Она посмотрела на меня так, будто это у меня заплетался язык, и ответила:
– В семь лет сломала руку. Прыгала на батуте, и Серена… – Она захлопала ресницами и закрыла глаза.
– Иззи! – Я тихонько попытался ее растрясти. – Проснись!
Ее глаза открылись.
– Расскажи еще что-нибудь про Серену. – Я с усилием поднялся на ноги и подхватил Иззи. Прибыли первые две машины скорой помощи. – Какая она?
– Идеальная. – Иззи вздохнула. Ее голова болталась и билась мне о грудь. – Красивая, умная, всегда знает, что сказать.
– Наверное, это у вас семейное. – Я не стал пробиваться к первой «скорой», которую уже осадили со всех сторон, и сразу направился ко второй.
– Нейт?
– Да? – Я встал посреди тропы, если это можно было назвать тропой, и преградил «скорой» путь.
– Не уходи, ладно? – За воем сирен ее шепот было почти не различить.
– Не уйду. – Парамедики выключили сирены и вышли из машины. Я встретился взглядом с одним из них. – Помогите!
Иззи обмякла на моих руках, ее глаза закрылись.
– Несите ее сюда! – Парамедик обежал машину кругом и открыл заднюю дверь. Кто-то выкатил носилки.
– Кладите ее, – велела врач, и я уложил Иззи на белую простыню. – Что с ней? – Врач подбежала, оттолкнула меня и начала осмотр.
– Она сказала, у нее болят ребра. – Я провел рукой по волосам. – Там у нее большой синяк, а пульс…
– Черт, – выругалась врач, померив Иззи пульс.
Другой доктор надевал ей рукав тонометра.
– …Учащенный, – договорил я. – У нее заплетается язык, и… – Что еще она говорила?

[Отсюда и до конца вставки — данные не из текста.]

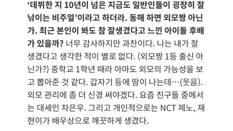 재현 제노를 배우상으로 깔끔하게 생겼다고

Мысли путались. – Болит плечо. Левое.
– Давление низкое, – бросил второй парамедик, и они с женщиной переглянулись. Их взгляды явно не сулили ничего хорошего. – Нам пора.
– Ее имя? – спросила врач. Они пристегнули Иззи к носилкам и завезли в машину.
– Иззи, – ответил я и еле удержался, чтобы не оттолкнуть кого-нибудь и не сесть в машину рядом с носилками. – Изабо… – Как же ее фамилия? Она же говорила! – Астор! У нее аллергия на пенициллин. Кровь первая положительная.
Водитель поспешил за руль.
– С ней можно только родственникам, – сказала врач, подсоединяя капельницу. – Вы, наверное, ее… – Она посмотрела на меня.
Не уходи, ладно?
– Муж, – выпалил я и одним махом забрался в «скорую помощь». – Я ее муж.
* * *
Разрыв селезенки. Вот что мне сказали четыре часа назад.
Эти четыре часа длились бесконечно. Переодевшись в сухую медицинскую форму, я позвонил матери, сообщил, что жив-здоров, и с тех пор сидел в зоне ожидания, попеременно смотрел выпуски новостей, освещавшие катастрофу, и следил за минутной стрелкой на больших часах, которые висели над дверью.
Мне выдали бланки, но я не заполнил ни строчки. Откуда мне было знать, где Иззи застрахована?
Ты же сказал, что вы женаты, подумал я. Вот и выкручивайся теперь.